The IT department of a global 100 telecommunications company was unable to keep up with business needs, often delivering projects late or failing to meet all necessary requirements. Despite established processes to manage their SOA life cycle, they found that too much time was spent specifying and revisiting system connections. The complex development environment, coupled with the distributed nature of development teams, made it difficult to integrate and test against production systems across multiple technologies.

The company’s specifications for messaging and application interfaces left too much room for interpretation; the company did not have a discipline for sharing and updating collective information, nor did it have a formal process for testing compliance with specification documents. This caused errors and defects to be discovered very late in the life cycle, at an enormous cost to the organization. The organization dedicated a large number of resources to software testing to combat such errors, resulting in high development and QA costs. The IT department was unable to keep up with integration issues, and ambiguous, incomplete or out-of-date system interfaces littered the infrastructure.

These issues resulted in long release cycles for key applications needed by the business to be successful. Most importantly, long testing cycles and delays in system delivery negatively impacted revenue; the company was not able to leverage those systems to quickly exploit new business opportunities.

The telecommunications company turned to IONA because of our experience solving difficult integration problems for more than a decade.

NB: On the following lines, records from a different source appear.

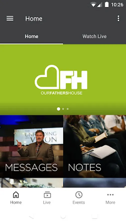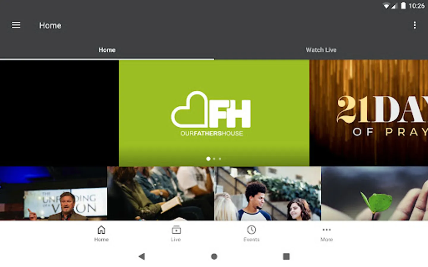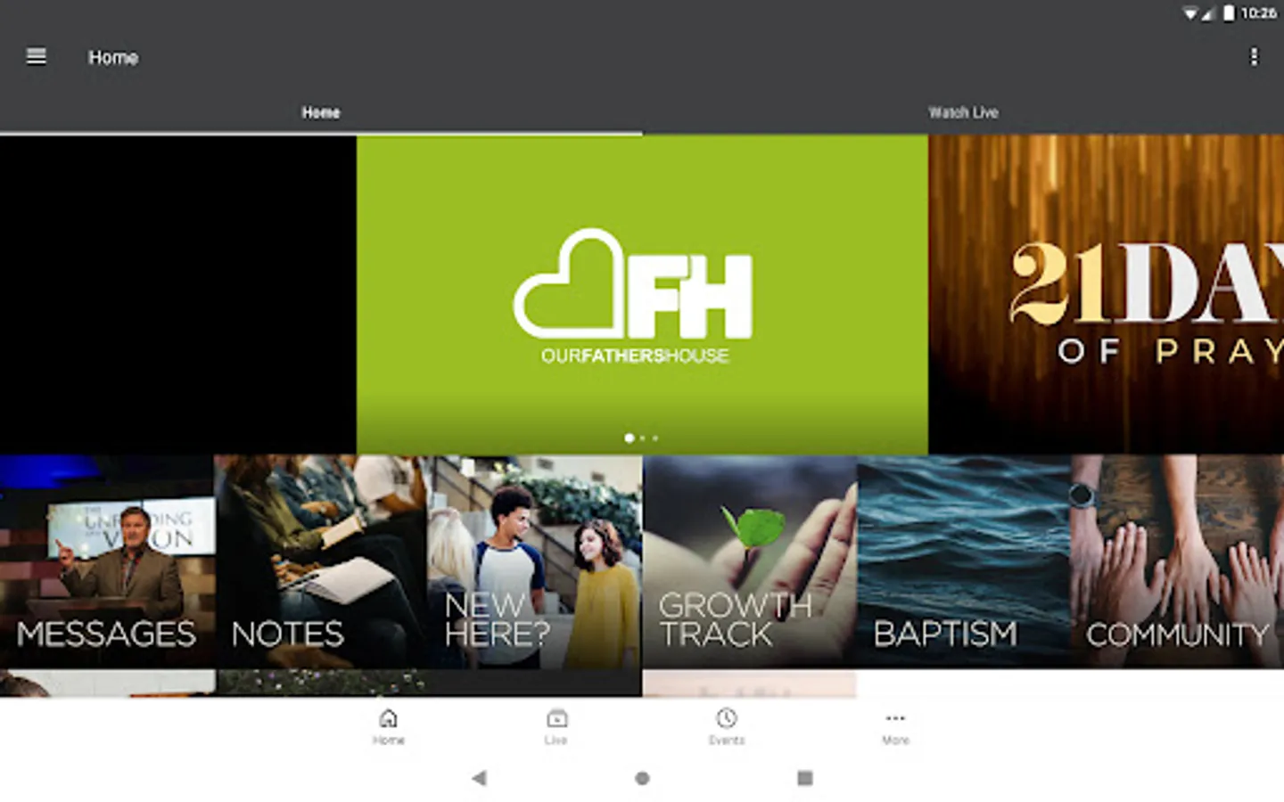 Our Fathers House App, features content from our weekend service and all areas of Church life here at OFH.
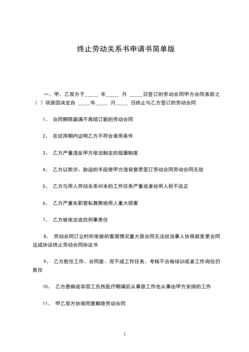 一、甲、乙双方于_____ 年_____ 月 _____日签订的劳动合同甲方合同条款之( )项原因决定自 _____年_____ 月_____ 日终止与乙方签订的劳动合同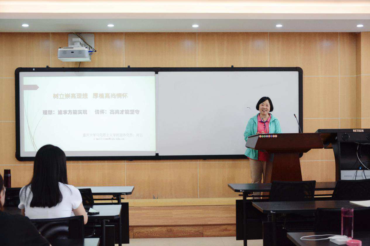 肖云教授首先围绕“理想和情怀”讲述了党的百年艰苦历程,她以中国共产党成立以来的重大历史事件为线索,梳理了党的发展脉络。接着,肖云教授分享了身边先进共产党员的感人事迹,向大家展示了优秀共产党员应该具有的优良品质和高尚精神。最后,肖云教授结合自身经历指出青年党员应该坚定理想信念,以党的事业为己任;并激励大家学习先辈精神,树立崇高理想,厚植高尚情怀。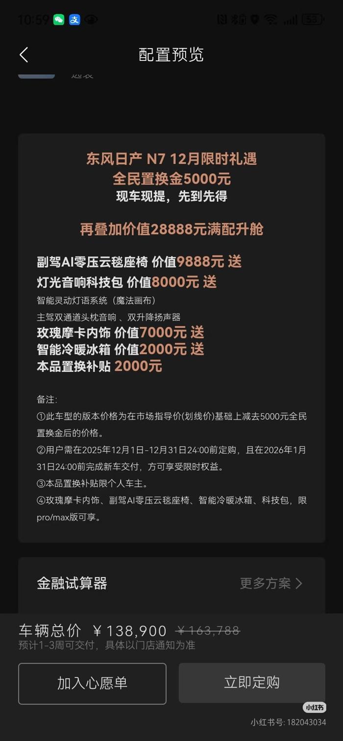 购入的是510max版本,5000选装科技包+冰箱一共多花1000元,10月中旬提车就2年免息背刺,2年8万免息,这8万两年存理财或者定期都有2000元了。然后11月开始又科技包冰箱免费,等于之前选装多花1000元,现在12月又有降价5000现金优惠,等于共计有6000元钱的背刺金额。11月中一直联系厂家处理无果,等来的不是厂家处理补偿而是12月对消费者的更加背刺。销售和厂家都说权益只会降不会增加,日产作为大品牌厂家毫无信誉可言,现在要求同等权益赔偿差价。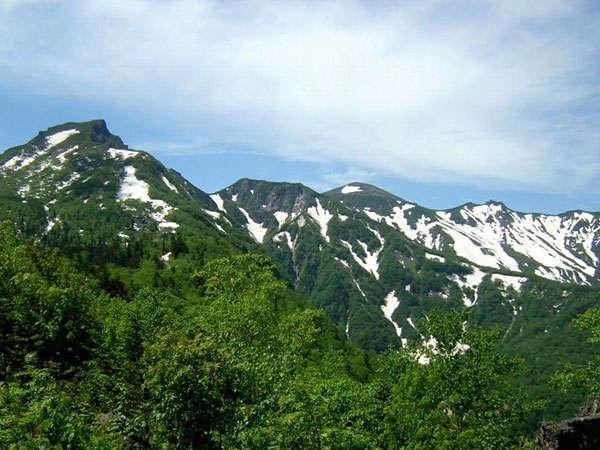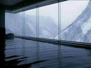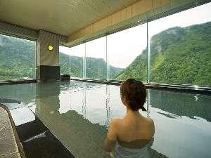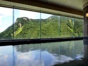 最上階大雪の湯の夏の景色。窓一面にダイナミックな景色をお楽し...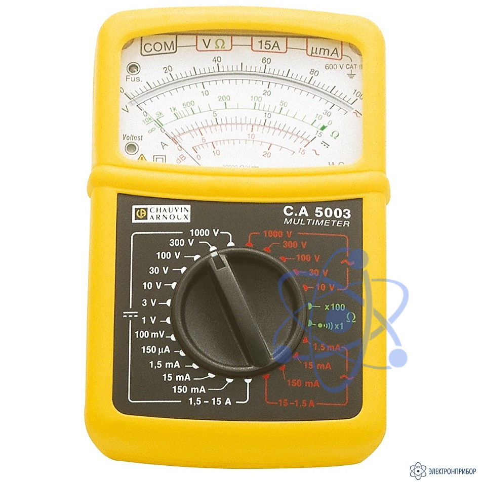 Прочный корпус с многофункциональной подставкой "Multistand" позволяет использовать мультиметр как на производственном участке, так и в лаборатории. Диапазоны измерения тока защищены плавкими предохранителями с высокой перегрузочной способностью, исправность которых показывает индикатор "Fus".В приборе СА 5003 обеспечена автоматическая установка нуля омметра. Во время измерения сопротивления или проводимости для предотвращения ошибочного подключения на индикаторе "Voltest" отображается присутствие внешнего напряжения в измеряемой цепи

By implementing a methodology to standardize specifications, facilitating team communication and automating integration testing earlier in the life cycle, we were able to help IT streamline their project life cycles and meet system delivery deadlines.

The company leveraged IONA’s Interface Simulation Framework for SOA to dramatically reduce the time and costs of testing application interfaces. The Interface Simulation Framework is an extensible SOA simulation tool that allows IT developers and testers to simulate end-to-end distributed application scenarios. The Interface Simulation Framework demonstrates how individual components will interface with each other in production and enables the detection and repair of defects much earlier in the software development life cycle (SDLC).

By enabling automated integration testing earlier in the system development lifecycle, IONA protected project timelines to help the company produce higher quality systems with less down time. Using the Interface Simulation Framework, the company was able to significantly reduce the time, effort and costs of application development and testing, delivering higher quality systems into production weeks ahead of schedule. IONA enabled the global 100 telecommunications company to:

  • reduce the number of full-time employees dedicated to services testing by 75%
  • decrease development and QA costs by nearly US$15 million over three years
  • reduce the life cycle for major releases by 2-3 weeks, allowing them to exploit significantly more new business opportunities

In Summary

Clearly, applying application-centric testing practices to SOA has created new challenges for IT shops trying to deliver quality solutions to market. But as experienced organizations have demonstrated, implementing effective processes and tools that enable testing earlier in the SOA life cycle is critical to delivering the benefits inherent to SOA, including business agility, increased ROI and lower operational costs. This approach allows organizations to deliver SOA-based projects on time, while reducing the costs and resources dedicated to testing. By studying how leading organizations are working through the challenges associated with integration testing of their SOA deployments, and implementing their lessons and best practices, you too will save your organizations millions.